* _RECORDED DATA_
# # # # # # #

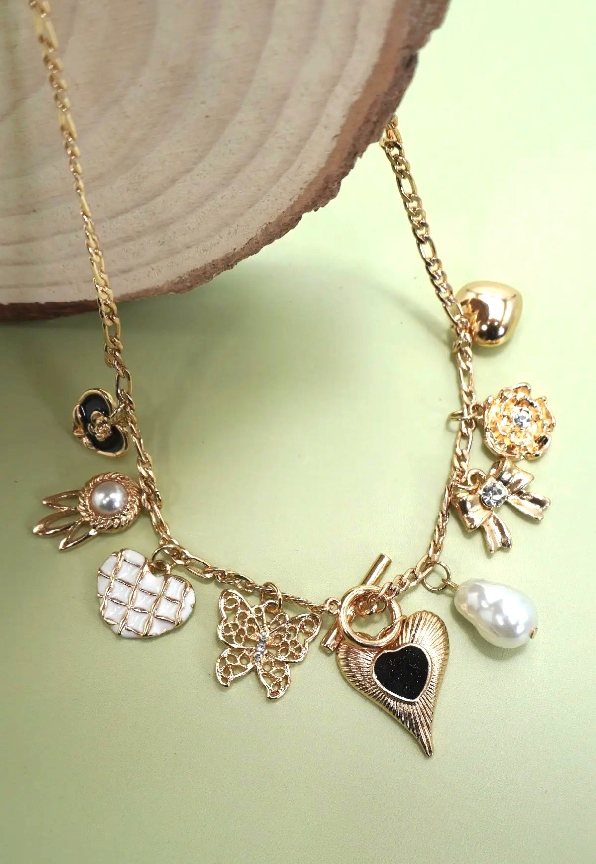 Heart, Bow & Pearl Charm Necklace
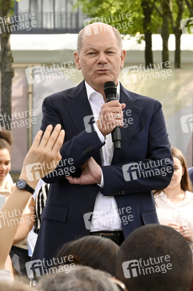 Olaf Scholz bei der Eröffnung des Demokratiefests zu 75 Jahren Grundgesetz auf der Bühne Dialogforum zwischen Kanzleramt und den Deutschen Bundestag. Berlin, 24.05.2024
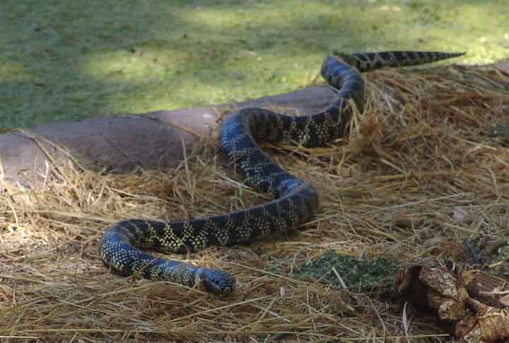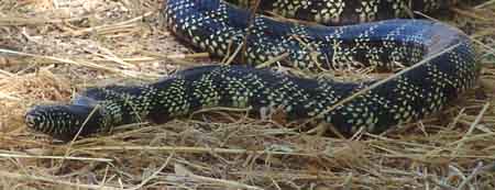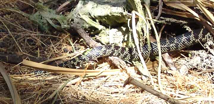 We saw a strikingly different color pattern in the Kingsnake in Lower Hot Springs Canyon Wash beside an artificial pool in May 2006, shown below:

# # # # # # #

* _TASK DETAILS_
Starting at the line that contains "Olaf Scholz bei", output every line through the end of the data, both ends included, and nothing else; pictures stay out.

* _SOLUTION TO THIS TASK_
 Olaf Scholz bei der Eröffnung des Demokratiefests zu 75 Jahren Grundgesetz auf der Bühne Dialogforum zwischen Kanzleramt und den Deutschen Bundestag. Berlin, 24.05.2024
 We saw a strikingly different color pattern in the Kingsnake in Lower Hot Springs Canyon Wash beside an artificial pool in May 2006, shown below:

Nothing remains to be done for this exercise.